Every year new clones are assessed for their suitability for local release by six Regional Variety Committees
(RVCs). Each committee is presented with detailed data from new candidates compared to the relevant commercial varieties of the region. The commercial merits of candidate clones are considered against the local production constraints and challenges of each region and the strengths and weaknesses of the current mix.
The committee, comprising voting members from local grower representative organisations and milling companies, must vote unanimously on what should be released.
Productivity is the priority, so the weighting of tonnes of cane per hectare (TCH) and commercial cane sugar (CCS) is paramount. However, other characteristics that affect the agronomic fit of varieties are also considered including lodging, arrowing, suckering, side shooting, germination behaviour, and early vigour.

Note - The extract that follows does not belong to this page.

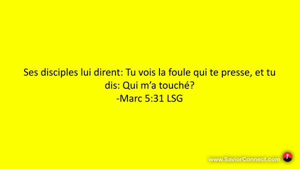 Ses disciples lui dirent: Tu vois la foule qui te presse, et tu dis: Qui m'a touché? -Marc 5:31 LSG
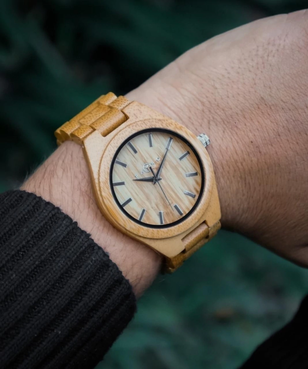 El Fauno II está hecho íntegramente en bambú, una madera liviana, resistente y con una estética limpia que lo hace único. Con maquinaria japonesa y diseño sobrio, es el reloj ideal para quienes buscan un estilo fresco, natural y con personalidad.

A range of milling and sugar quality parameters are also considered in release decisions.
Experimental clones advancing through the selection program are screened for disease resistance to smut, Fiji leaf gall, leaf scald, mosaic and red rot at SRA’s Woodford station; yellow spot, brown rust and orange rust at SRA’s Meringa Station; and Pachymetra root rot at SRA’s Tully station. This means disease ratings are available before commercialisation decisions are made.
The RVCs have a formal responsibility for biosecurity. Once a variety is released it is added to the Approved variety list for the region which is required to meet every grower’s General Biosecurity Obligation under the Queensland Biosecurity Act (2014). Cane supply agreements also commonly reference delivery of only Approved varieties.
Maximising profitability and minimising risk by adopting a balanced mix of varieties across a farm with different productivity constraints, disease pressures, and harvest timing can be a complex task. Good decision-making in variety adoption and management relies on good information about variety characteristics and performance.
Each year SRA publish Variety Guides for each region summarising productivity data, disease resistance profiles, agronomic characteristics, herbicide toxicity information, and increasingly maturity curves to support selection of varieties to propagate and evaluate on your farm.
Guides for the 2023/24 season will be released in the coming weeks.